Elbette ki gene koğuş ağası Abdurrahman Çavuş ve yardımcısı Akseli Ali bu durumdan rahatsız olur. En başta Tatar ile iyi geçinmeye çalışırlar, diğer mahpusların üzerine gittikleri gibi gidemezler. Fakat Tatar Ramazan durumu Kirmastılı ile konuşarak anlar, fakat gene de kendini tutmaya çalışır. Bu arada sevgilisi Zeynep de Tatar`ı görmek için hapishaneye gelir fakat Tatar o sırada
"Benim adım Tatar Ramazan, ben bu oyunu bozarım!" diyerek müdürle takıştığından kapalıya atılmıştır. Zeynep de Tatar`ı göremeyince deliye döner en sonunda hapishaneye girerek bağırmaya başlar. En sonunda Tatar da onu duyar ve tam konuşmaya başladıklarında üzerine gelen gardiyanlardan korkan Zeynep kendini yukarı kattan atar ve ölür.
Zeynep`in ölümüyle artık Tatar`ı durduracak bir şey kalmamıştır. Abdurrahman Çavuş`da hapishane bahçesinde Tatar`a meydan okumaktadır. Sonunda Tatar Ramazan, "Gel dedin geldim, Abdurrahman Çavuş" diyerek üstüne yürür Çavuş`un.

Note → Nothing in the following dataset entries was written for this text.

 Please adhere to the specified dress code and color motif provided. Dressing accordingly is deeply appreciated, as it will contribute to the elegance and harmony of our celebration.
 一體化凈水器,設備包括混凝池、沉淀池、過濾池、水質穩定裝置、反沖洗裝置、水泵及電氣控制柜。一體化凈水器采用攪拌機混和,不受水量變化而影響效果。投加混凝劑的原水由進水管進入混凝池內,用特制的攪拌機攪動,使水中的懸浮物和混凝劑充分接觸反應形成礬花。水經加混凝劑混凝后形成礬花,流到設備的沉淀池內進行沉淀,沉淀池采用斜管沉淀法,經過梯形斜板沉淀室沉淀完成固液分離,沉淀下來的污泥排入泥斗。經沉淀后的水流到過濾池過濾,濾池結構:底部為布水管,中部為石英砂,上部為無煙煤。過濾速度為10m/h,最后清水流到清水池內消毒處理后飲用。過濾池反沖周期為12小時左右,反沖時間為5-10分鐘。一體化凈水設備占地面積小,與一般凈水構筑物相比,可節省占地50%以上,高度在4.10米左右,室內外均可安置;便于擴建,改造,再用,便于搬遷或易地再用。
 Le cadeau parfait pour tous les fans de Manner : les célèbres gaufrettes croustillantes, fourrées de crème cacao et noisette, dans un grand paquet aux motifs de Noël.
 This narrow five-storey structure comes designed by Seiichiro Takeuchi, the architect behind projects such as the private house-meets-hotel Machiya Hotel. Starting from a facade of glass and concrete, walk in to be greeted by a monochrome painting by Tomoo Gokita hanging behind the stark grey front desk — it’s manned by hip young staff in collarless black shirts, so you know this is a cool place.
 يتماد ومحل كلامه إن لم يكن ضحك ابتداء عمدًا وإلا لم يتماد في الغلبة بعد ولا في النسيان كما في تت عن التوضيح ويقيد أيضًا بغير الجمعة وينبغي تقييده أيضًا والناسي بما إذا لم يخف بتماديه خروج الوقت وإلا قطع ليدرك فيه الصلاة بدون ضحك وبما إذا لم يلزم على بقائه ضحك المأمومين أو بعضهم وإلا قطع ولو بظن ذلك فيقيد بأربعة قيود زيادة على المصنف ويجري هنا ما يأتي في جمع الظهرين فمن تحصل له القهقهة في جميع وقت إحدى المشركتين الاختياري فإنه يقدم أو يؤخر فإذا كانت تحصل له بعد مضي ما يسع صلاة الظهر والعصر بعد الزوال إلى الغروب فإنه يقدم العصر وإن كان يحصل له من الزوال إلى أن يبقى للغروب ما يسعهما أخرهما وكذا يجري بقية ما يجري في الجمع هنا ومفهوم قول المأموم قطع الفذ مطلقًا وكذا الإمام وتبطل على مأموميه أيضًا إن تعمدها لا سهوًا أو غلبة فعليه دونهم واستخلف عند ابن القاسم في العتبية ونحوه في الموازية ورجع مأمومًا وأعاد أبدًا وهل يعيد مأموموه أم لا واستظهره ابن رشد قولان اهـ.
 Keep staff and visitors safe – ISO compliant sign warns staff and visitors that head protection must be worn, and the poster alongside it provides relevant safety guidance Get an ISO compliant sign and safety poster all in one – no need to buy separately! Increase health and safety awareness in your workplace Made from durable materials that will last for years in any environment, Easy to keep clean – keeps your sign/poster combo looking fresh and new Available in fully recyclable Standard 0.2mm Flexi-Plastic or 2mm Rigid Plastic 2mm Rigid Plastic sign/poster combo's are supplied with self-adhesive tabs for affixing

Bıçaklar çekilir ve sahne başlar. Tatar Ramazan bir hamleyle Abdrruhman Çavuş`u bıçaklar. Çavuş kanlar içinde yere düşer. O anda Tatar Ramazan etrafına dönerek yapılanların aslında mahpuslar için olduğunu söyler,
Herkes Ramazan`a sahip çıkıp "Ben vurdum, biz vurduk" diyerek üstüne kapanır. Yönetim yukardan tehdit edip teslim olmasını ister. O arada elinde bıçağıyla Tatar Ramazan aradan çıkar
ve şöyle der:
UNUTULMAZ REPLİK:
Tatar Ramazan:
-Burada vurulacak birisi vardı, onu da ben vurdum! Benim adım TATAR RAMAZAN gücün varsa gelip alsana!
Unutulmaz Replikler
İnsan bunca zulüm, bunca haksızlık görür de rahat yatabilir mi, o zaman ben de ortaya fırlarım ve adama dur derim. Bu dünyanın hesabı ahirete kalmamalı. ~ Tatar Ramazan'ın hapishane müdürüyle konuştuğu ilk sahne.

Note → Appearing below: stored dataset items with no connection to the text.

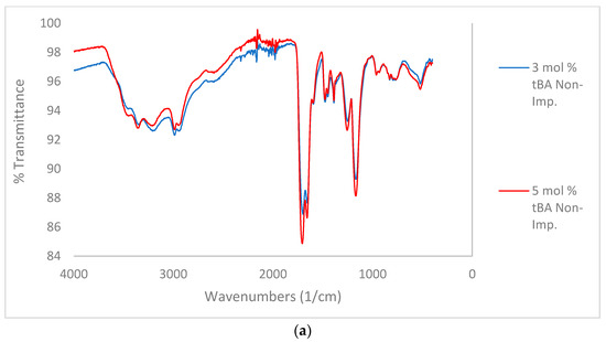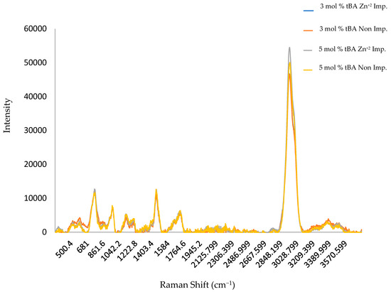 The same set of polymers used in Section 3.1 were also subjected to RAMAN analysis. The same increase in carboxylate intensity for non-imprinted materials can roughly be observed along with the increase in amide intensity for imprinted materials seen within Figure 6. The carboxylate (C=O) peaks are shown to have a RAMAN shift of roughly 1710–1755 cm−1, C-N amide of 740–850 and 1000–1250 cm−1, and OH of 3000–3600 cm−1. Raman, however, more strongly shows the peaks for the hydrophobic backbone of the polymer. These peaks do not show any shift with tBA concentration. This indicates that the changes in structure mainly occurs in the side chains [24,26]. The peak at 3000 cm−1, however, increases with tBA concentration, suggesting that the co-monomer is incorporated into the polymer structure at increasing amounts.
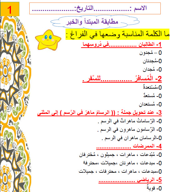 ورقة عمل المبتدأ والخبر للصف الرابع
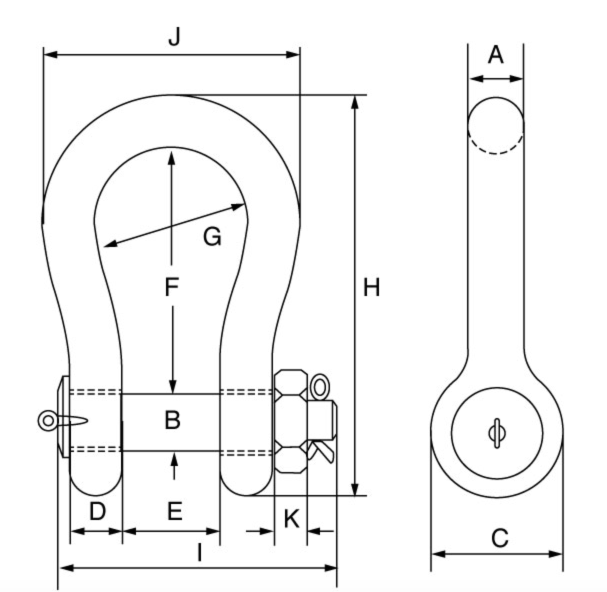 Green Pin Grade 8 Heavy Duty Bow Shackle with Safety Nut & Bolt Pin

Kadın kısmısı adamın bağrına basar gibi topuk vurmalı yere. ~ Abdurrahman Çavuş
Devlet adil olduğu sürece güçlüdür. ~ Tatar Ramazan'ın hapishane müdürüyle konuştuğu ilk sahne.
Koridorları sevdim, ceza istediği kadar uzun olsun, yeter ki koridorlar kısa olmasın, insan bir kere yürümeye durdu muydu her şeyi unutur, nedendir bu? Çünkü volta cezanın törpüsüdür. ~ Ramazan`ın hapishaneye ilk defa girdiği sahne.

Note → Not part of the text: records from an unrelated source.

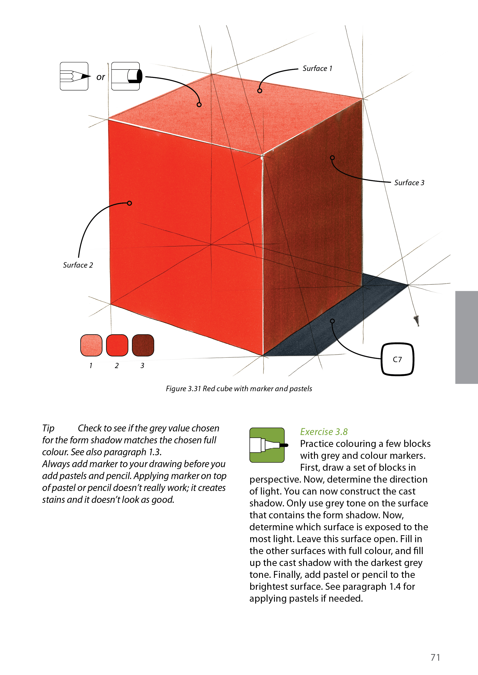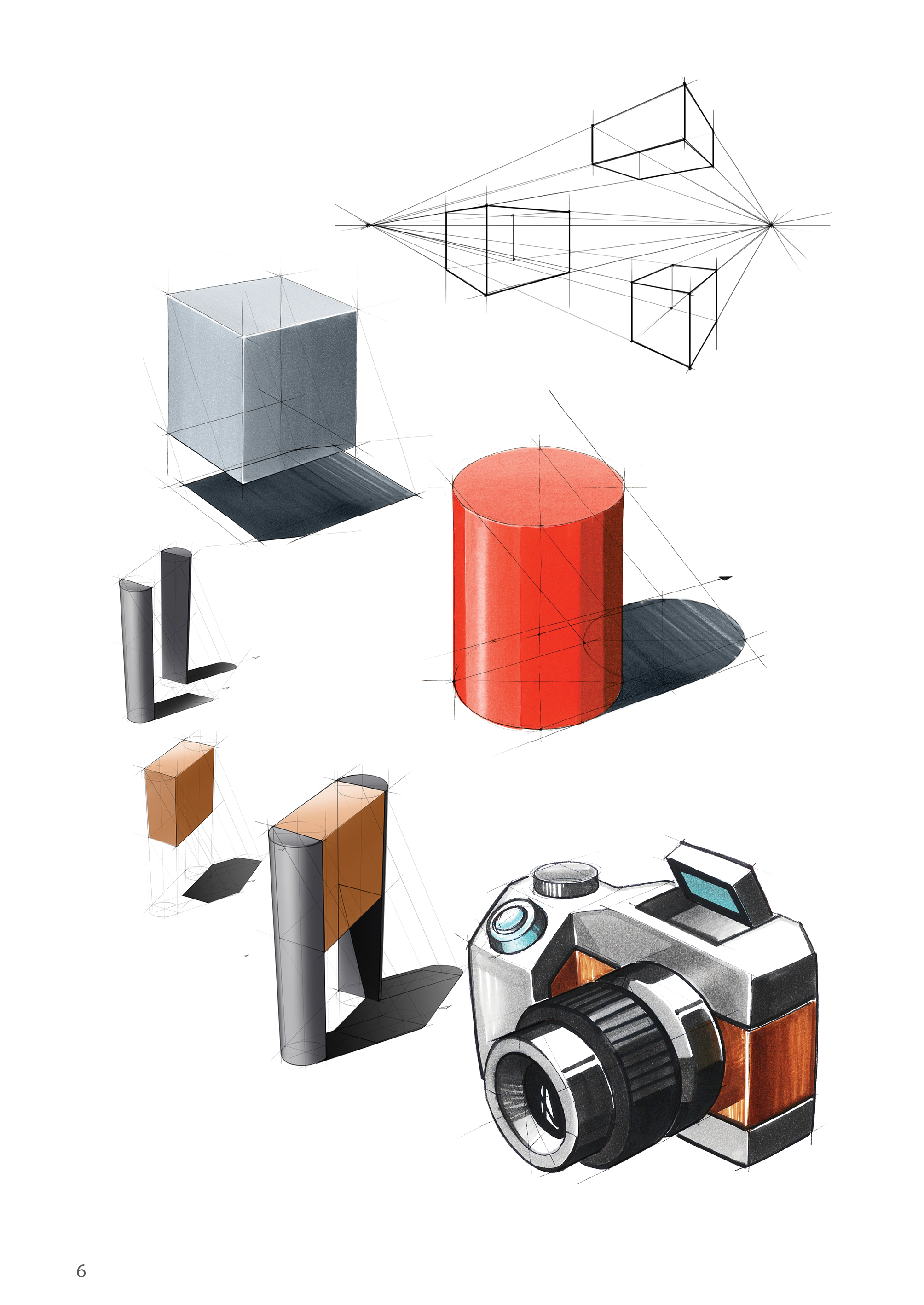 This book covers the basics of drawing products in perspective. Instead of advanced concept sketches of cars and ships, expect the important aspects of various types of perspective, as well as instructions on how to properly draw and colour simple blocks and cylinders in order to create the illusion of three-dimensional reality, and combining different basic volumes into one simple product. All materials used in the book are common in the world of product design and engineering.
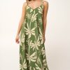 Αγκαλιάστε τις ηλιόλουστες ημέρες με αυτό το εντυπωσιακό maxi καλοκαιρινό φόρεμα από ποπλίνα, που προσφέρει απαλή υφή και διακριτική crinkle όψη. Οι λεπτές τιράντες και η V λαιμόκοψη χαρίζουν θηλυκότητα, ενώ η χαλαρή, χυτή γραμμή προσφέρει κίνηση σε κάθε σας βήμα. Διακοσμημένο με επιβλητικούς φοίνικες πάνω σε ηλιοκαμένη λαδί βάση, αποπνέει μια γήινη αλλά και δροσερή διάθεση. Ιδανικό για την πόλη ή τις διακοπές, προσθέτει μια διακριτική εξωτική νότα στην καθημερινότητα σας.
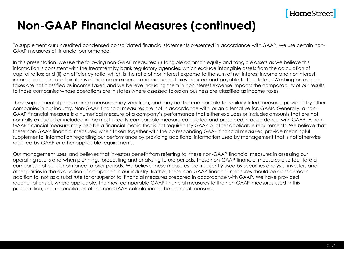 Non-GAAP Financial Measures (continued) p. 34 To supplement our unaudited condensed consolidated financial statements presented in accordance with GAAP, we use certain non- GAAP measures of financial performance. In this presentation, we use the following non-GAAP measures: (i) tangible common equity and tangible assets as we believe this information is consistent with the treatment by bank regulatory agencies, which exclude intangible assets from the calculation of capital ratios; and (ii) an efficiency ratio, which is the ratio of noninterest expense to the sum of net interest income and noninterest income, excluding certain items of income or expense and excluding taxes incurred and payable to the state of Washington as such taxes are not classified as income taxes, and we believe including them in noninterest expense impacts the comparability of our results to those companies whose operations are in states where assessed taxes on business are classified as income taxes. These supplemental performance measures may vary from, and may not be comparable to, similarly titled measures provided by other companies in our industry. Non-GAAP financial measures are not in accordance with, or an alternative for, GAAP. Generally, a non- GAAP financial measure is a numerical measure of a company’s performance that either excludes or includes amounts that are not normally excluded or included in the most directly comparable measure calculated and presented in accordance with GAAP. A non- GAAP financial measure may also be a financial metric that is not required by GAAP or other applicable requirements. We believe that these non-GAAP financial measures, when taken together with the corresponding GAAP financial measures, provide meaningful supplemental information regarding our performance by providing additional information used by management that is not otherwise required by GAAP or other applicable requirements. Our management uses, and believes that investors benefit from referring to, these non-GAAP financial measures in assessing our operating results and when planning, forecasting and analyzing future periods. These non-GAAP financial measures also facilitate a comparison of our performance to prior periods. We believe these measures are frequently used by securities analysts, investors and other parties in the evaluation of companies in our industry. Rather, these non-GAAP financial measures should be considered in addition to, not as a substitute for or superior to, financial measures prepared in accordance with GAAP. We have provided reconciliations of, where applicable, the most comparable GAAP financial measures to the non-GAAP measures used in this presentation, or a reconciliation of the non-GAAP calculation of the financial measure.
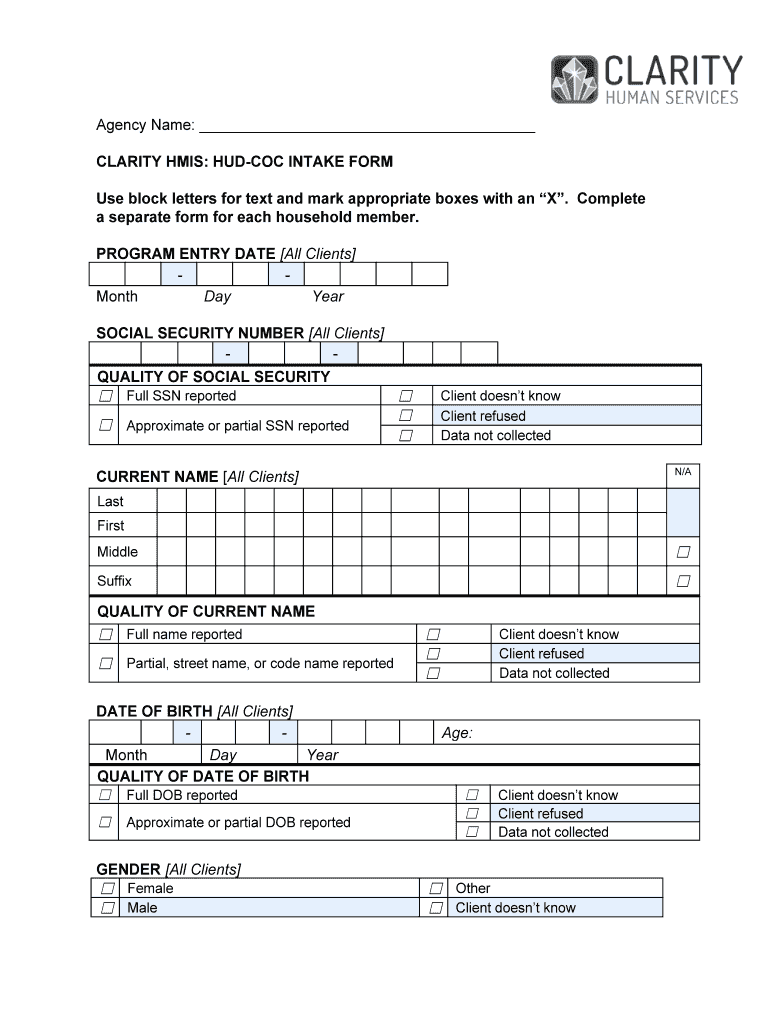 AgencyName: CLARITYHMIS:HUDCOCINTAKEFORM UseblocklettersfortextandmarkappropriateboxeswithanX. Complete aseparateformforeachhouseholdmember. PROGRAMENTRYDATE Clients Month Day Year SOCIALSECURITYNUMBER
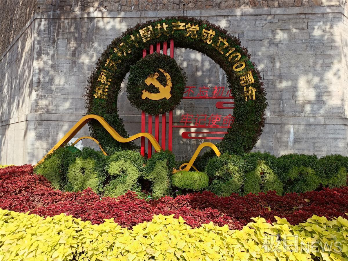 极目新闻记者在洪山礼堂世纪广场看到,这里共布置大型三角梅花箱22盆,“欢度国庆”主题扎景,设置一串红,长春花,矮牵牛、孔雀草1.8万盆。洪山路东一路口布置大型三角梅花箱10盆,设置摆花1座。
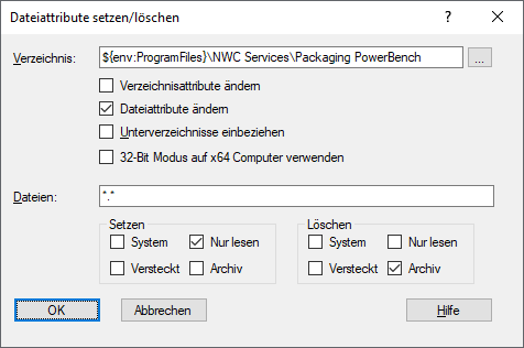 Das folgende Beispiel setzt das "Nur lesen"-Attribut und löscht das "Archiv"-Attribut für alle Dateien im Packaging PowerBench-Verzeichnis.

Merhaba yarenler, merhaba felaket arkadaşlarım! ~ Tatar Ramazan'ın hapishane ahalisiyle selamlaştığı sahne.
Ben köpeği bile aşağılamam, Allah yaratmış, ama insanların köpekleşmesi beni çıldırtıyor. ~ Abdurrahman Çavuş ve Akseli ile volta atarken.
Kanun vardır kırbaç gibi, kanun vardır sütlaç gibi. Adamına göre. ~ Abdurrahman Çavuş.
Ben hasmımı hiçbir zaman küçümsemem. ~ Ramazan, Kirmastılı ile konuşurken.
Senden esaslı bir bıçak istiyorum, hasmıma sallayınca dönmeyen cinsten olmalı. Çünkü ben, adama bıçağı iki kere sallamam! ~ Tatar Ramazan, Kirmastılı'ya söylüyor.
Siz beni resimlerdeki mahkumlarla karıştırıyorsunuz müdür bey, benim adım Tatar Ramazan, ben bu oyunu bozarım! ~ Tatar Ramazan'ın hapishane müdürüyle konuştuğu sahne.
Osmanoğlu kazan kaynatmış, Ali koca padişah askere yemek ulaştırmış, işin aslı lokmadır lokma. ~ Abdurrahman Çavuş.
Burada vurulacak birisi vardı, onu da ben vurdum! Benim adım TATAR RAMAZAN gücün varsa gelip alsana!
~ Son sahne.
Adamı yüzüne karşı methetmezler.
~ Tatar Ramazan'ın koğuşa girdiği sahne.
Bir ekmeği beraber bölüşerek yemektir hüner. ~ Tatar Ramazan koğuş ahalisine yemek yerken söylüyor.